In almost every town, village and city, you will hear or see Spanish festivals taking place during the year. With even just a simple bit of research, one can discover that some of the most intriguing festivals and fiestas in Spain have deep religious and historical meaning to the locals although some consider it to be just fun.
Here is a list of the top five festivals in Spain that are the biggest and have the most successful turnouts, as well as a list of five festivals that you probably haven’t heard of, and might seem a little more unusual than the types of events that go on in your hometown!
1. Las Fallas
Las Fallas, held each year in March in Valencia, and is a four-day festival full of performances, bonfires, and fireworks. The city is transformed, as papier-mâché figures are placed all over the streets and buildings. This is Valencia’s largest festival of the year.

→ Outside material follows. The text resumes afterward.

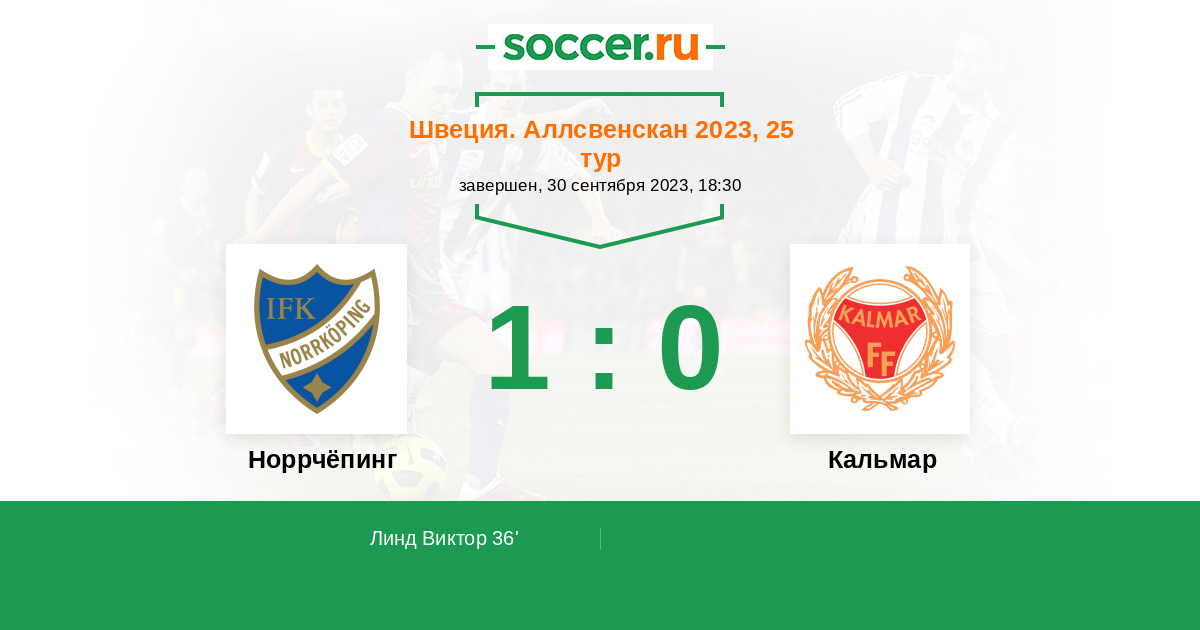 Протокол матча Норрчёпинг против Кальмар

2. Carnival of Santa Cruz de Tenerife
This carnival, which is held in Tenerife in February, is one of the most lively and vibrant festivals in all of Spain. There are parades, floats, bands, and costumes. Many people spend months preparing their costumes for this one special event! This festival is said to resemble those held in Brazil, with the spectacular parades and colourful clothing.
3. Semana Santa
Semana Santa is a religious festival, and is often referred to as Spain’s “Holy Week.” The festival is held on the week that leads up to Easter Sunday, and is the celebration of Catholics who mourn the last days of Christ on the Earth. There are parades and floats, and on the night of Good Friday, the floats are carried off to the cathedral.

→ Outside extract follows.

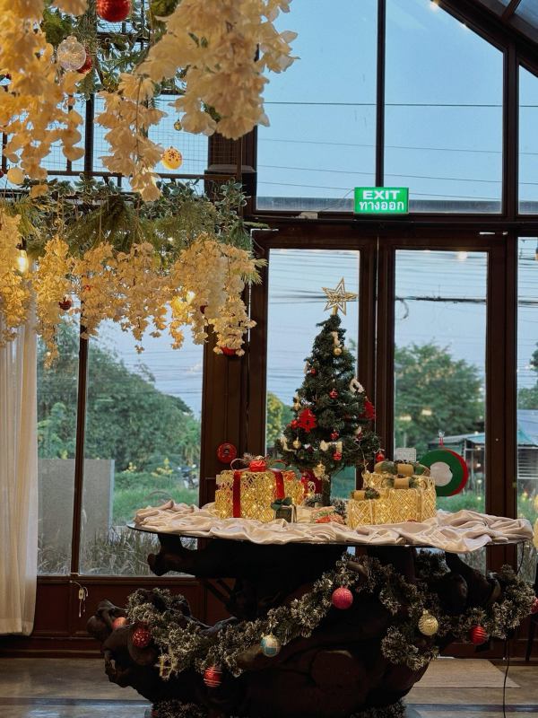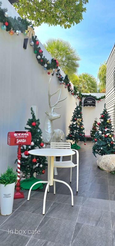 อีกหนึ่งคาเฟ่ดีไซน์สวย ในบรรยากาศร่มรื่น สวยงาม กับ In box café ที่ตกแต่งคริสต์มาสเข้ากับธรรมชาติได้อย่างลงตัว และสวยงามสุดๆ ที่นี่มีอาหารและเครื่องดื่มแสนอร่อยหลากหลายเมนู ทั้งคาว หวาน ให้คุณได้อิ่มอร่อยและเพลิดเพลินกับบรรยากาศผ่อนคลาย ใครสายถ่ายรูปก็แฮปปี้แน่นอน เพราะมีหลากหลายมุมให้ได้รูปสวยๆฟินๆ และที่สำคัญที่นี่มีห้องสำหรับจัดเวิร์คชอป ประชุม สัมมนา หรือจัดปาร์ตี้วันเกิดได้อีกด้วย เป็นอีกหนึ่งคาเฟ่สวยที่พลาดไม่ได้เลยค่ะ

4. Sonar Music Festival of Barcelona
The Sonar Music Festival of Barcelona is held each year, and thousands of music lovers all over Spain and Europe come out to join in the ‘fun’. Many bands and musical acts take centre stage, and there are celebrations all around the music festival, too – parades and celebrations welcoming the tens of thousands of people who show up annually.
5. San Fermin
Taking place from early to mid July each year, the San Fermin festival is a festival that brings parties to the streets of Spain. There is loud music, dancing, and the well-known “Running of the Bulls.” This is one of the most popular festivals in Spain – after all seeing someone being chased through the streets by an angry bull would grab anyone’s attention!
6. Els Enfarinats
An April Fool’s festival held in Iba, Spain, in which the residents spend time together throwing flour and eggs at each other. Some consider it a novel way to celebrate April Fools – being covered in flour and eggs and and targeting your friends and neighbours.
7. La Tomatina
One of the most bizarre and intriguing festivals in Spain is La Tomatina, which is held at the end of August in the city of Valencia, is a festival that happens once a year, but is considered to be a great way to spend ones time – you and your fellow festival-goers are essentially gathering together to throw tomatoes at each other! That is a lot of food!

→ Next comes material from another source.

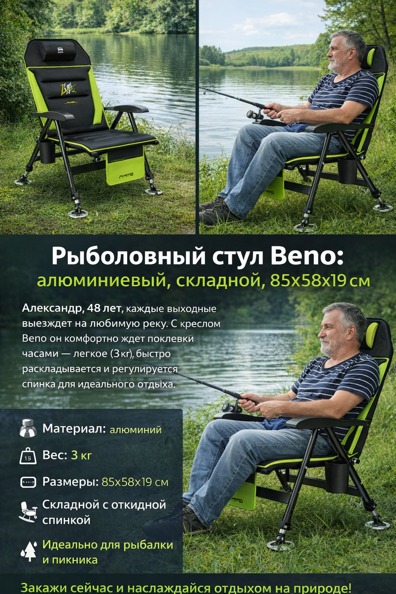 Лучший рыболовный стул Beno: алюминиевый складной компаньон для рыбалки и пикника

8. Granada’s Ham and Water Festival
Granada’s Ham and Water Festival is a celebration that doesn’t get as much recognition as the previous ones on this list, but is still an interesting one to take a look at. Tourists and citizens of Granada gather to spend time with their fellow celebrators and eat some of the best ham in Spain – as well as celebrate Saint John the Baptist’s Day. At midnight, purified water will soak everyone who crosses the path – from water guns, hoses, and pipes!
9. Wine Battle of Haro
Spain is known for the amazing wine that is made there – and some feel that there is no better way to celebrate that delicious wine than to have a festival for it. The festival takes place in Haro, which is located in the La Rioja part of Spain – a section of Spain known for its amazing wine. During the festival, there is music, dancing, food, wine – and of course the customary wine fight, where celebrators…yes you guessed it…. throw wine at each other!
10. El Colacho
Perhaps one of the most unusual festivals in Spain, and dates back to the 1620’s, is the El Colacho festival. In the town of Castrillo de Murcia, men dress in costumes (often as devils), and leap over newborn babies – in an attempt to wash away any sin from them.